Accessory Dwelling Units Offer an Equitable and Sustainable Solution to the Housing Crisis

Accessory Dwelling Units Offer an Equitable and Sustainable Solution to the Housing Crisis

Kingston, New York, like many other cities across the country (and across the world), is facing a housing crisis of ever-increasing proportions.

This year, a Housing Action Plan generated by Ulster County, the NY county in which Kingston is located, revealed that nearly one-third of the County’s homeowners and half of its renters live in housing that is unaffordable to them—and that a significant portion of County residents spends more than 50% of their income on housing.

This information did not come as a shock to residents, many of whom are steadily being priced out of their own neighborhoods.

Housing cost is considered ‘unaffordable’ when a family spends between 30-50% of their household income on housing costs. The cost burden is considered severe when the cost rises above 50% of household income. Adapted from the Ulster County Housing Action Plan (2021).

The problem has only been made worse by the Covid-19 pandemic, which has cost many Kingstonians their jobs and is attracting wealthy NYC residents in search of an escape from the crowded City. As housing prices continue to rise and wages remain stagnant, local policymakers and activists are scrambling to find solutions to the worsening crisis.


Accessory dwelling units offer an equitable and sustainable solution

In addition to more traditional approaches to expanding the affordable housing supply in Kingston, housing justice activists and policy makers are turning toward alternative solutions.
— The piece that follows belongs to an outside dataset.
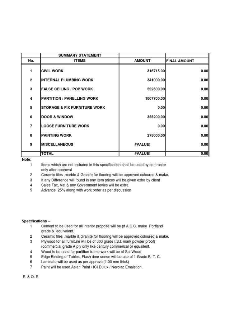 SUMMARY STATEMENT ITEMS CIVIL WORK INTERNAL PLUMBING WORK FALSE CEILING / POP WORK PARTITION / PANELLING WORK STORAGE & FIX FURNITURE WORK DOOR & WINDOW LOOSE FURNITURE WORK PAINTING WORK MISCELLANEOUS TOTAL

A novel approach that is gaining traction is the promotion of accessory dwelling units (ADUs), also called accessory apartments, which are secondary dwellings on the same property of a single-family home (either detached or attached). 

An ADU built above a detached garage. ADUs come in many different forms and can be designed to match the primary structure, as shown here. Photograph by Radcliffe Dacanay (

The unique and adaptable design of an ADU makes it suitable for penetrating neighborhoods that may normally have been inaccessible to lower income families.

ADUs can take many different forms, such as an attached apartment, a detached tiny house, or an addition to a separate garage. They can also be built to preserve the character of the original property and neighborhood, which can avoid the not-in-my-backyard (NIMBY) community opposition that often blocks multifamily affordable housing proposals.

Residents of these neighborhoods may be further incentivized to support ADUs for their ability to generate rental income. This can allow lower-income families access to neighborhoods with a broader range of resources and amenities, such as better public schools, larger green spaces, and parks. 

Additionally, ADUs can contribute to sustainable development by increasing the density of suburban spaces. When paired with walkable transit hubs, this can lead to more efficient use of municipal infrastructure, reduced commute times, and increased physical activity.

ADUs are also compatible with sustainable design features such as solar energy and compostable toilets that can help owners avoid the expenses of hooking the ADU up to the existing energy grid and wastewater system.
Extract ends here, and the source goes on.